Single-Leader (Primary-Replica)
All writes go to one primary; replicas receive changes via replication log. Simple mental model. Write throughput limited by single primary. Read throughput scales horizontally via replicas — adding replicas adds read capacity linearly. Most common model:
- PostgreSQL streaming replication — physical WAL (Write-Ahead Log) streaming
- MySQL binlog replication — logical binlog events
- MongoDB replica sets — primary election with Raft-based consensus
The primary maintains a replication log; replicas replay it to stay current. The lag between primary write and replica application is replication lag.
Multi-Leader (Multi-Master)
Multiple nodes accept writes simultaneously; changes propagate between leaders via asynchronous replication. Enables geo-distributed writes — each region has a local leader, so writes do not cross region boundaries. Requires write conflict resolution because two leaders can accept conflicting writes for the same key:
- Last-write-wins (LWW): each write is timestamped; the write with the later timestamp wins. Simple but risks discarding recent writes on nodes with skewed clocks.
- Application-specific merge: application defines a merge function for conflicting writes (e.g., union of sets for collaborative editing).
- CRDTs (Conflict-free Replicated Data Types): data structures that commute — concurrent writes always merge to a deterministic result without conflict.

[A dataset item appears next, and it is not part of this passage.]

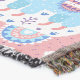 A quality printed throw has its advantages. This is a much finer weave throw than its loopier cousins, and though lighter, it is worth the investment for custom room accessorizing. The back is much prettier than the typical brown, and the fringe on the long sides very vivid, the selvage nicely done. Before photographing, I washed the throw in cold water, delicate, with a thicker woven throw the same size. On tumble dry low, this throw was dry in half the time as the other. This is a very practical quality if you use throws for furniture covers or to wrap up in frequently. The sleekness of the fabric makes it a great layer for accenting or protecting without the feeling of sitting on too much stuff. Perfect for napping or when you feel a light chill coming on. The color printing is beautiful and on this fabric, matched the design and color of my Photoshop image. This is an advantage for blending room fabrics and colors. The fringe on the short sides prints the colors from the design image and therefore varies from the side fringe. I streaked a white fractal line through the plaid pattern to give the illusion of weaving. This printed as crisp as an illusory thread, and put some white in the short side fringe, showing another advantage of print vs loomed- for artistic purposes, line lines, detail, and color integrity can be planned and preserved. My loomed throws have color limitations and more of a needlepoint texture. Print throws reproduce an exact image. The throw felt a little stiff straight out of the package, but this went away in the first delicate wash. Of course I searched the wash water for ink or bleeding and there was none.
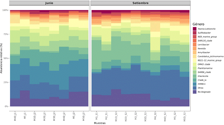 En el presente estudio se documentan cambios significativos en la diversidad y composición bacte-riana entre junio y septiembre, con mayor riqueza taxonómica y predominio de diferentes géneros según la estación. Esto sugiere que, al igual que en el estudio de Wei et al., las variaciones estacionales en parámetros ambientales, especialmente tempe-ratura y oxigenación, influyen decisivamente en la estructura de las comunidades microbianas, lo que estaría correlacionado con las fluctuaciones esta-cionales en factores fisicoquímicos que modulan la composición bacteriana, un fenómeno consistente tanto en ecosistemas naturales como artificiales.

Complexity is high; use only when single-leader write latency from remote regions is unacceptable.
Leaderless (Dynamo-Style)
Any replica accepts reads and writes; coordinator routes to N replicas using quorum (W writes + R reads, W+R > N for strong consistency). No single point of failure — no primary election is required on failure; the coordinator simply routes to healthy replicas.
Quorum formula: With N total replicas, W write acknowledgements, R read replicas:
- W + R > N → at least one replica overlaps between write and read set → strong consistency
- Typical defaults: N=3, W=2, R=2 (strong); N=3, W=1, R=1 (low latency, eventual)
Products: Cassandra, Riak, DynamoDB
Conflict resolution:
- Last-write-wins (timestamp) — risk of discarding writes on nodes with clock skew
- Read-repair: coordinator detects stale replica during a read, writes back the latest value
- Anti-entropy: background process continuously compares replicas and repairs divergence
Component Diagram
Database-Replication-diagram.excalidraw
Key Variants
Replication models differ by which nodes accept writes. Replication methods differ by when the primary considers a write acknowledged.
| Method | Mechanism | Consistency | Write latency | Use when |
|---|---|---|---|---|
| Synchronous | Primary waits for replica acknowledgement before acknowledging client | Strong | Higher | Replica is a hot standby; zero data loss required |
| Asynchronous | Primary acknowledges client immediately; replicas receive changes eventually | Eventual | Lower | Default for most read-scaling; acceptable replica lag |
| Semi-synchronous | One replica is synchronous; others are async | One strong replica; others eventual | Medium | Balance between durability and latency (MySQL default) |
Key insight: Synchronous replication trades write latency for durability — if the synchronous replica is unavailable, the primary must wait or refuse writes. Asynchronous replication achieves lower write latency but accepts a data loss window equal to the replication lag if the primary fails.
Design Decisions
Replication Lag Consequences
Async replication introduces lag between the primary and its replicas. Two consistency anomalies emerge when reads are served from replicas:
- Read-your-writes violation: user writes a value then reads a stale replica — perceives their write was lost. Common in social features: user posts an update, refreshes page, sees stale content.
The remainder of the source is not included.